Chronic Obstructive Pulmonary Disease (COPD) is a preventable and treatable disease, with cigarette smoking being the major risk factor (1). It is a growing cause of morbidity and mortality worldwide, and will be the third leading cause of death by the year 2020. The burden of this disease is even greater if we consider the significant impact of COPD on cardiovascular morbidity and mortality. The pathophysiological mechanisms and clinical manifestations of COPD are not restricted only to pulmonary inflammation and airway remodeling (2).

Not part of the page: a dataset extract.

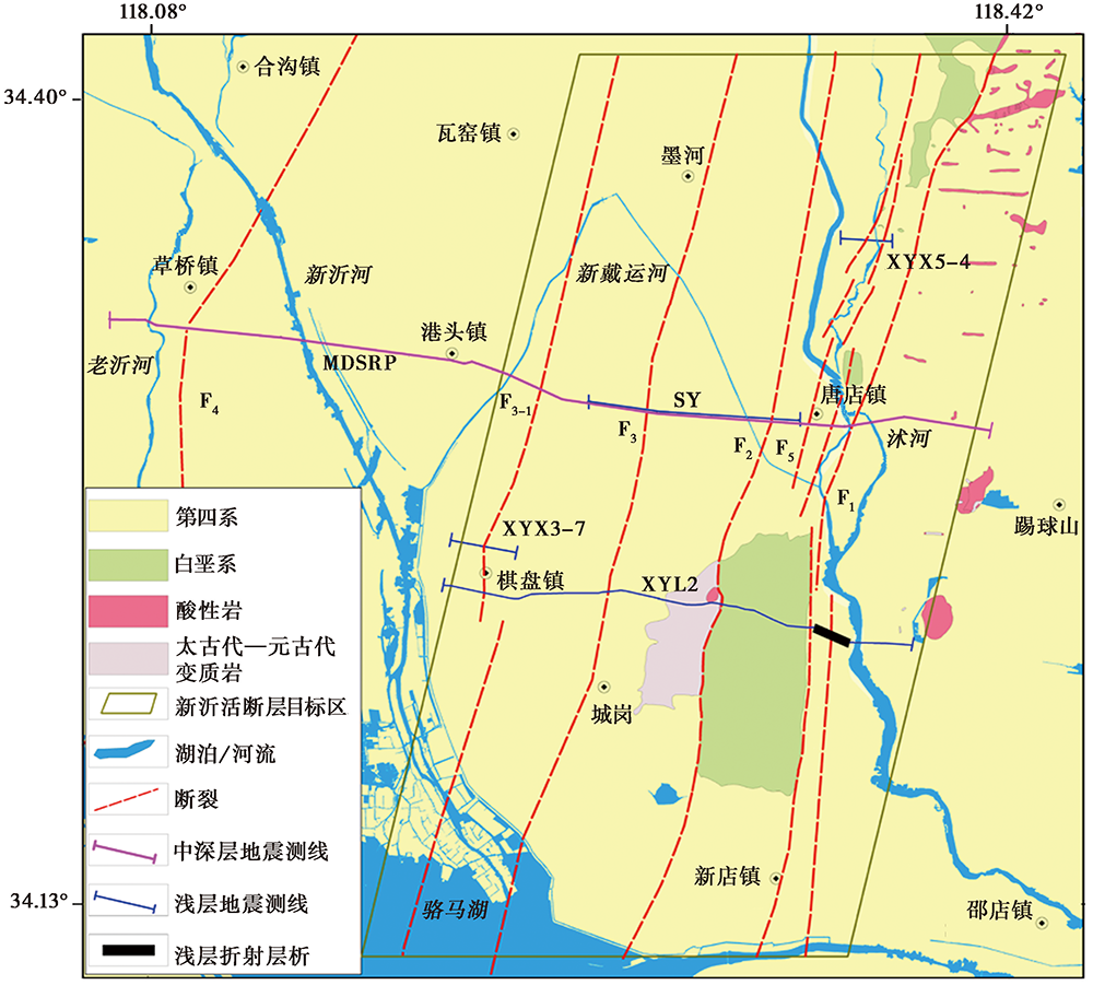 近年来, 大量国内外地球物理工作者对郯庐断裂带新沂段及邻区展开了相关研究。 地学者采用天然地震层析成像法(黄耘等, 2011; 吴萍萍等, 2015; 顾勤平等, 2016, 2020; 熊振等, 2016)获得了该区域的壳幔三维速度结构, 并对该区域的深部孕震环境和强震的发震机理展开了分析和研究。 张继红等(2010)和翁爱华等(2018)针对郯庐断裂带中段开展了大地电磁测深工作, 研究结果表明郯城地震的震中可能位于F1和F3的接触部位, 震源深度可能为15km。 近年来, 刘保金等(2015)采用高分辨率的深地震反射探测方法对郯庐断裂带中南段及其两侧地壳结构及莫霍面、 岩石圈底界面等展开了研究, 发现郯庐断裂带具有走滑、 挤压和伸展并存的构造形迹。 前人的研究成果为理解郯庐断裂带新沂段及邻区的深部动力学过程和构造环境提供了宝贵资料。 以上研究的目标层位均较深, 可用来研究郯庐断裂带中南段的深部构造环境、 孕震环境和发震机理等, 但对其地壳浅部结构和活动性并没有展开分析。 近期, 依托于 “ 宿迁市活动断层探测与地震危险性评价” 项目, 一些地质工作者(张鹏等, 2011, 2015; 许汉刚等, 2016; 曹筠等, 2018)针对郯庐断裂带宿迁段地壳浅部断裂的空间展布、 产状及活动性特征展开了研究, 并取得了一些新的科学认识和成果。 然而, 由于研究目标不同或受研究方法所限, 以往的研究成果或侧重于地壳深部结构, 或涉及的研究目标为宿迁段或其它区域, 而对郯庐断裂带新沂段的构造样式和深浅构造组合特征还未能给出精细刻画, 其活动性和空间展布还未能得到系统的研究。 此外, 有研究发现(Crone et al., 1991; 徐锡伟, 2006), 地震的孕育和发生不仅与深部地质构造背景和孕震环境有关, 近地表的活动构造线通常成为引发地震的重灾带。 由此可见, 深、 浅构造之间存在着某种内在联系(刘保金等, 2012)。 因此, 针对郯庐断裂带新沂段不同埋藏深度的断裂构造特征、 深浅组合关系的探索和研究工作亟待展开, 这项工作对理解地震发生的深、 浅地质构造背景和城市防震减灾工作都具有十分重要的意义。
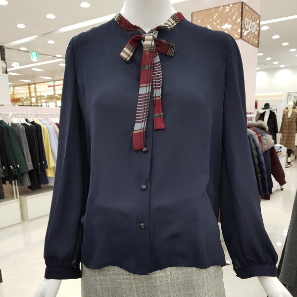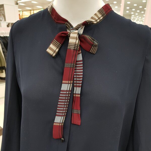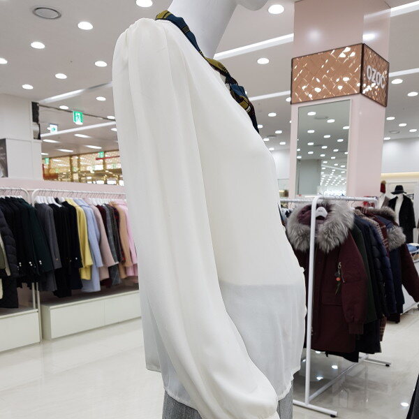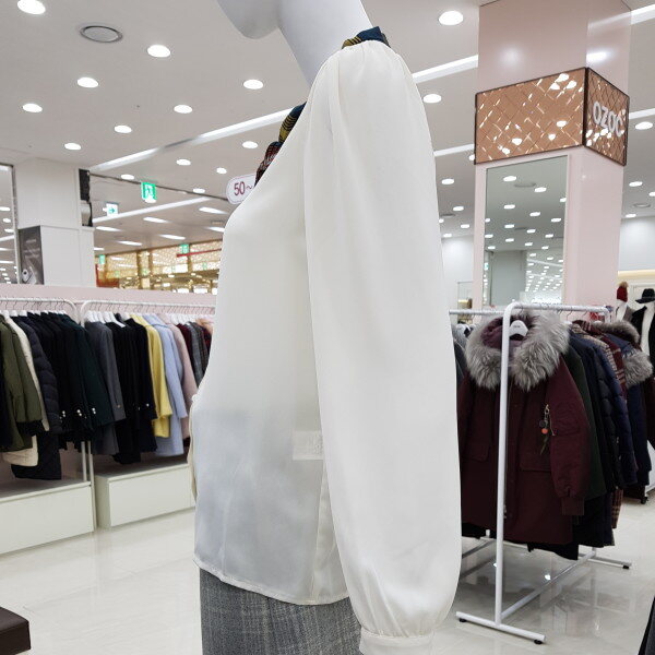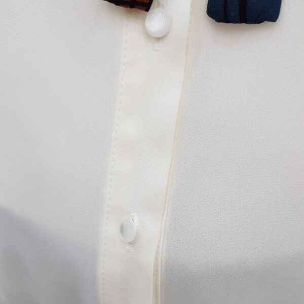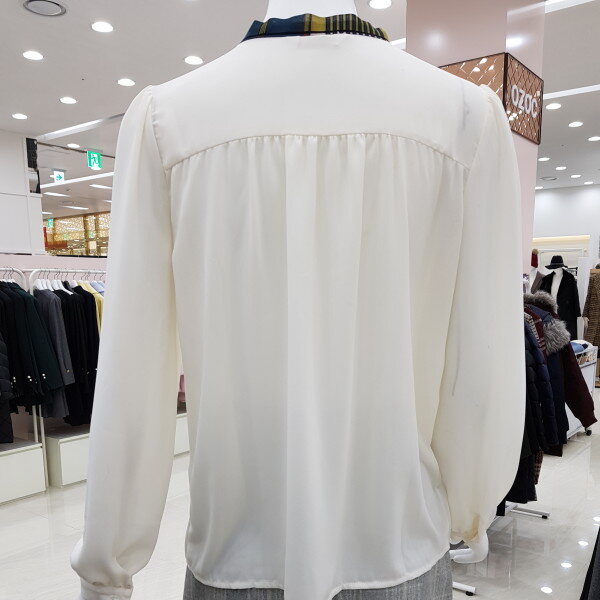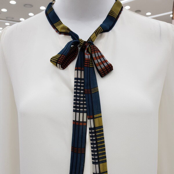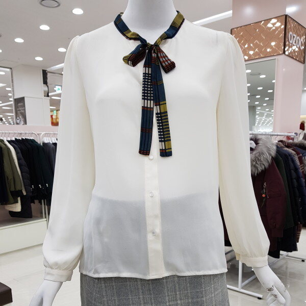 배색리본이 포인트가 되는 하늘하늘한 블라우스에요~가장 기본적인 스타일의 블라우스로 여러가지 룩에 매치 가능하고, 어깨와 소매에 잡힌 주름이 여성스러워요다만 아이보리컬러는 컬러특성상 비침이 있으니 이너와 함께 입어주세요~

On the contrary, in the last decade COPD has been recognized as a systemic disease. Inflammatory mediators in the systemic circulation may contribute to skeletal muscle wasting and cachexia, and may initiate or worsen comorbidities such as ischemic heart disease, heart failure, diabetes mellitus (DM), metabolic syndrome, osteoporosis, anemia and depression (1).

As in many other medical conditions, COPD is associated with low grade systemic inflammation that has been associated with insulin resistance (IR). Various factors can contribute to this finding such as the spill of inflammatory mediators from the pulmonary system into the circulation, hypoxia, effects of obesity and hormonal disturbances (2). Insulin resistance has been implicated in the pathogenesis of the metabolic syndrome (3). Furthermore, there is evidence that insulin resistance predisposes to cardiovascular risk (4), whereas, it is well known that insulin resistance is associated with low serum adiponectin levels (5).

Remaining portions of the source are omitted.